На старых фотографиях дом все еще живет своей мирной жизнью XIX века, которой не коснулись потрясения XX; тихая жизнь, которую я еще застала.

Самые известные русские писатели воспевали Украину. Все дети знали наизусть описания ее ночей, ее рек «чище серебра», ее безграничных степей и цветущих хуторов, утопающих в вишневых рощах.

«Ты знаешь край, где все обильем дышит?»

И я знала!

Я открывала этот мир восхищенным взглядом детства. Небо — такое высокое и чистое, это небо совсем маленького ребенка, который рассматривает его из своей колыбели, внимательно следя за легким полетом облаков. Игра солнца сквозь листву, светлые и темные пятна по земле — это тот мерцающий, зыбкий мир, в котором ребенок делает свои первые, неуверенные шаги.

От лета к лету, по мере того как росла, я понемногу открывала этот зачарованный край, который, как мне казалось, простирался в бесконечность.
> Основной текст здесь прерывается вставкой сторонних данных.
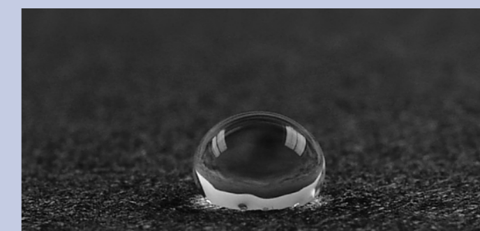
Surface of a Freudenberg GDL

Freudenberg's production process is fully integrated, from the fibrous raw material to the final product, guaranteeing consistent quality and performance. To ensure that our products meet the highest quality requirements, statistical process controls, fully automated camera-assisted inspections, in-line and off-site measurements are all standard procedures. Depending on the needs of our customers, we also offer a range of special GDL characterization methods either on request or for joint development projects. Regular internal and customer audits confirm the quality of our GDLs.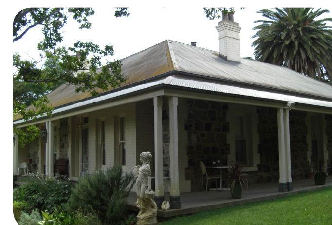
2. Leeston Homestead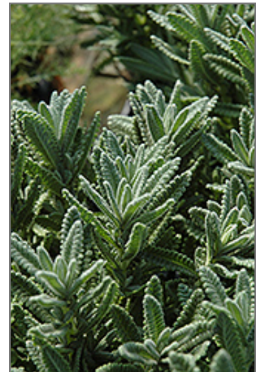
French Lavender foliage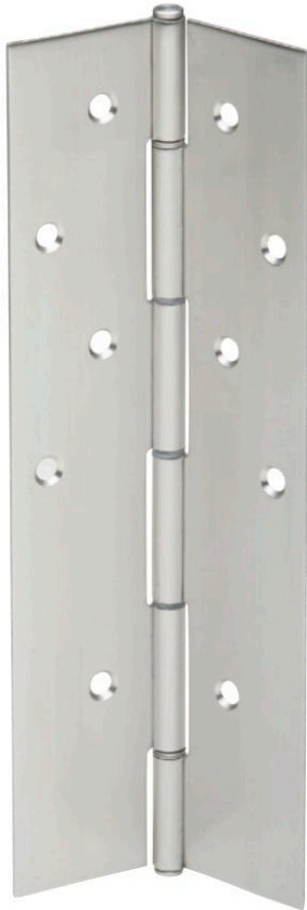
IVES Pin and Barrel Steel Continuous Hinge

This EPD was created using a UL-verified EPD generator for Allegion's full product portfolio. For additional product specific EPDs, please contact Allegion at Tim.Weller@allegion.com .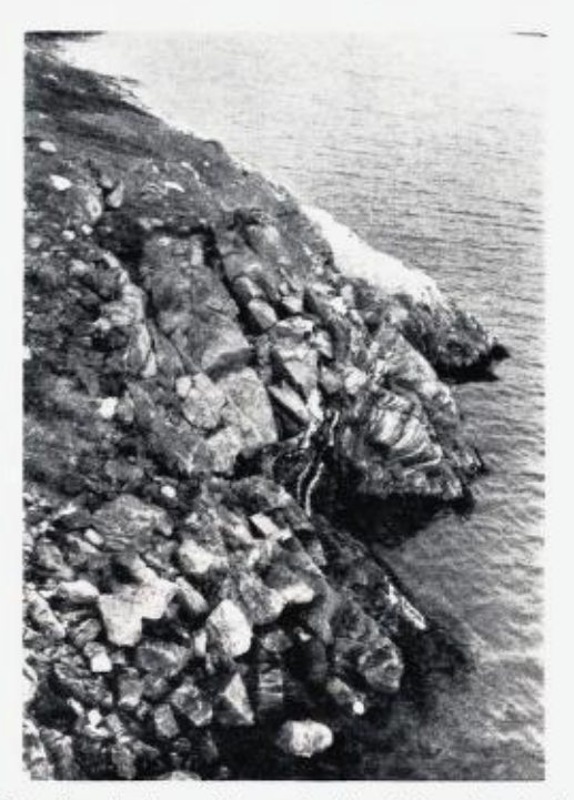
Fig. 5. The schists (banded) on the east side of the ultrabasic rock (medium grey).

Skifrene (båndete) på østsiden av ultrabasitten.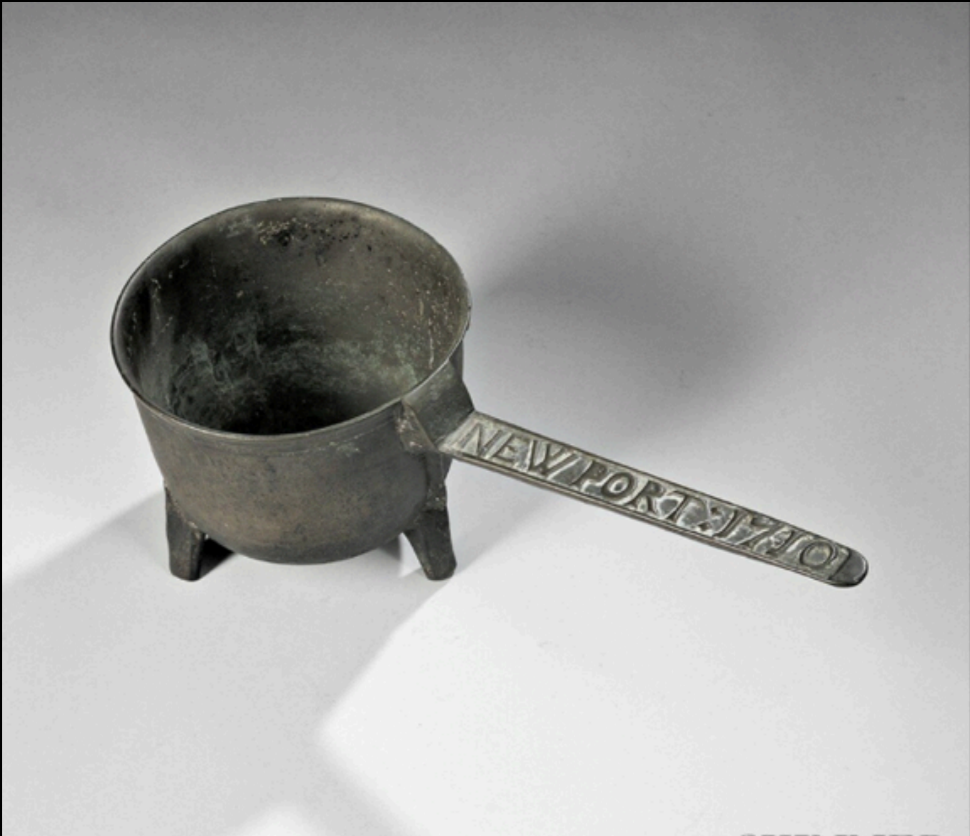
American Bell Metal Posnet Marked "NEWPORT 1710"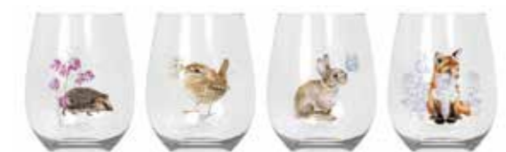
tumblers – set of 4 assorted wildlife 550ml/19fl.oz WNB4312-XG

Тенистые аллеи лучами разбегались во всех направлениях от овальной площадки в центре парка, множились в тропинках, сбегавших с холма к Донцу, к лесу, в поля… Главная аллея, усаженная густой сиренью, исчезала в рощах вишен, яблонь, груш…

Удивительно явственно предстают перед взором картины прошлого, когда прошлое запечатлено в сердце!
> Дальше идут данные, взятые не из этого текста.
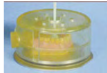
Pour the Bre-Gel into the flask until the vents are slightly over filled.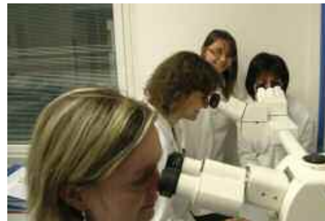
Researchers working at the Neuro-bio-oncology Research Centre

In addition to its principal operative units such as Orthopaedics, General Surgery, Urology and Gynaecology, Santa Rita Clinic offers an important Neuro-bio-oncology (brain neoplasms) Research Centre.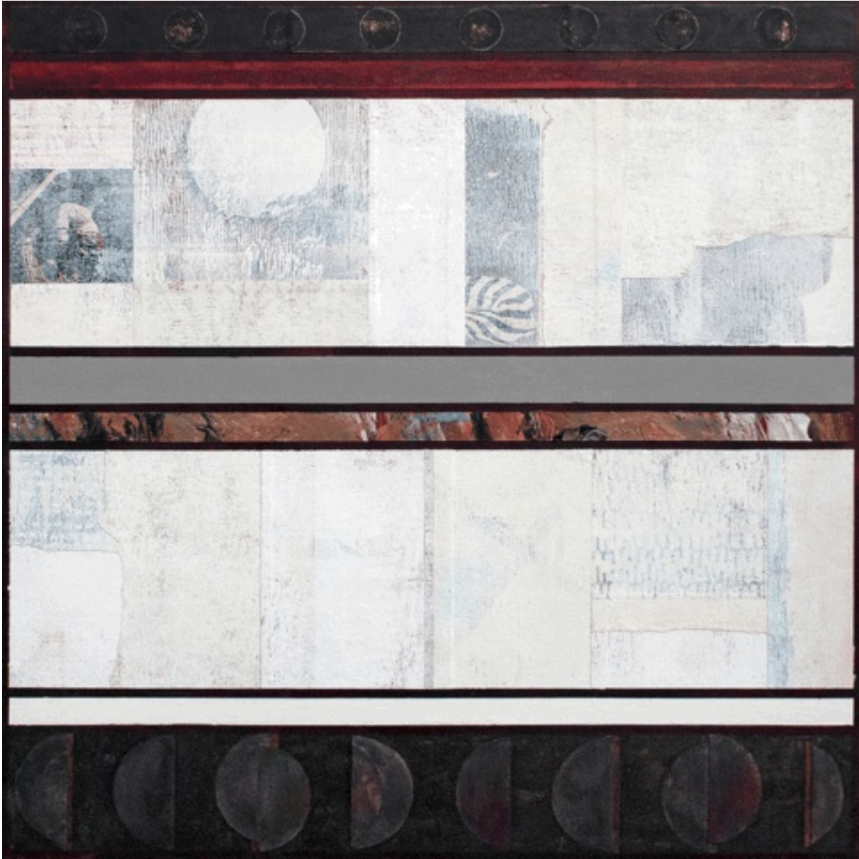
Signed on verso Mixed media and found papers on wood panel 24 x 24 in. (HH131)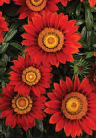
Gazania Big Kiss Red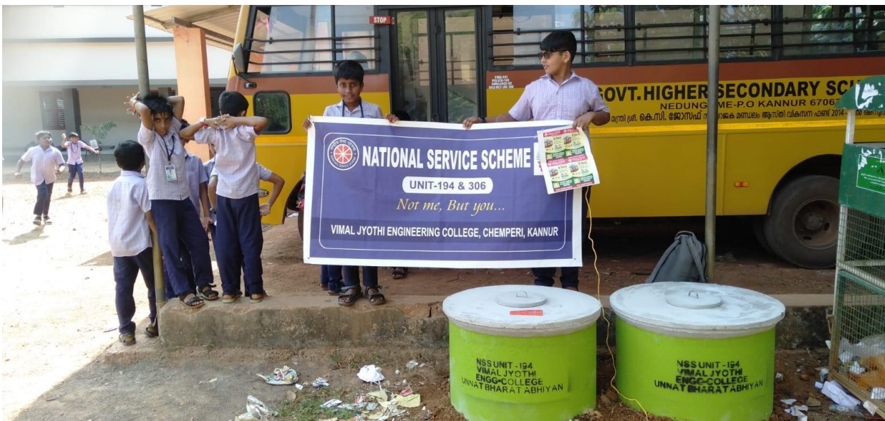
Waste bin distribution at GHSS Nedungome ( February 2023)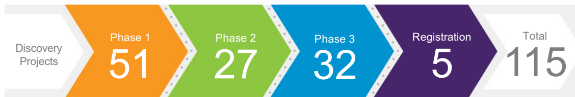
Pfizer Pipeline Snapshot as of February 4, 2025

Pipeline represents progress of R&D programs as of February 4, 2025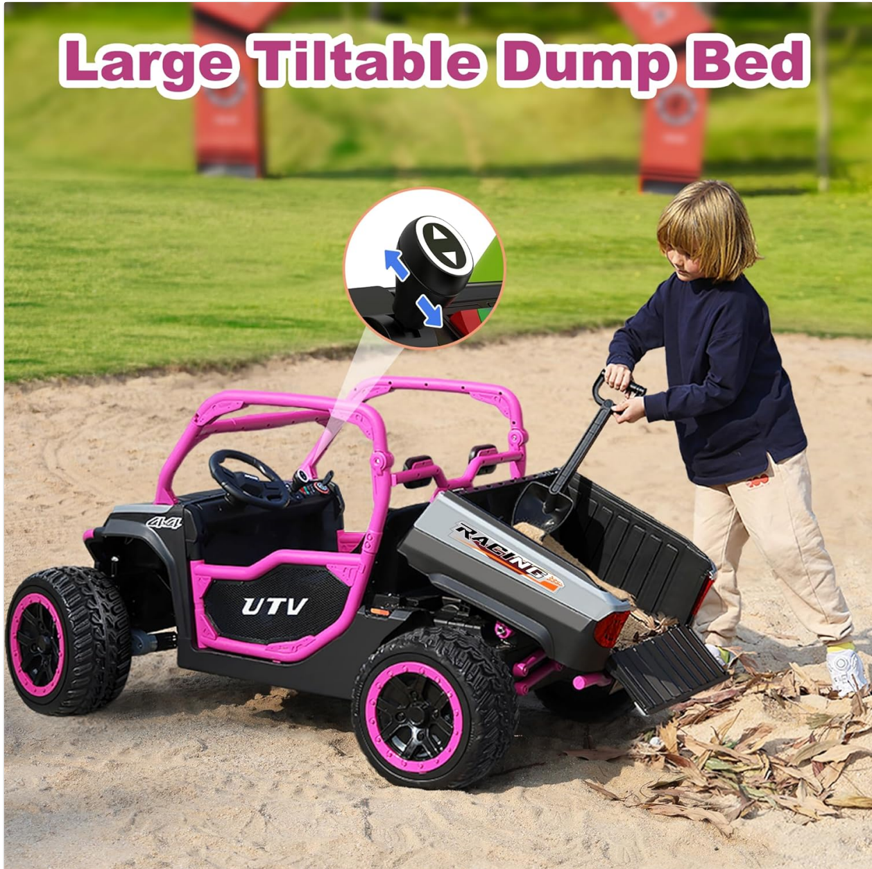
Image 5.3: A child using the included shovel to load material into the large, tiltable dump bed of the ride-on truck, demonstrating the joystick control for tilting.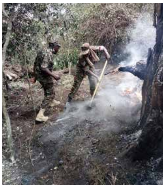
KDF personnel from the 4th Brigade extinguishing fires on 21st March 2017.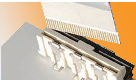
Ease of assembly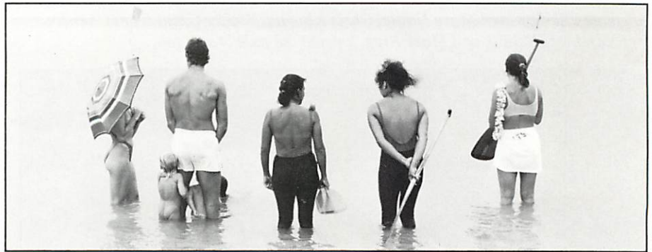
The weather was dismal at Kaneohe while paddlers waited their turn.

Там, у Донца, дом, вероятно, давно уже не существует. Но он живет еще в Бизерте на фотографиях в дубовых рамках, которые папа сам для меня сделал.

Для всех — это лишь фасад на пожелтевшем картоне, и только лишь одна я могу распахнуть двери и войти в этот дом.

Старомодная гостиная, красное дерево, темно-красный бархат. Застекленная дверь открывается в парк. Старинные портреты, секретер со множеством ящичков, пожелтевшие фотографии… Здесь еще живут воспоминания. Здесь и еще в рабочем кабинете дяди Мирона со стенами, заставленными полками юридических книг. Дядя Мирон — мировой судья. Он работает под строгим взором мрачного мужчины, чей портрет занимает почетное место. «Портрет неизвестного» — как пишут в музеях.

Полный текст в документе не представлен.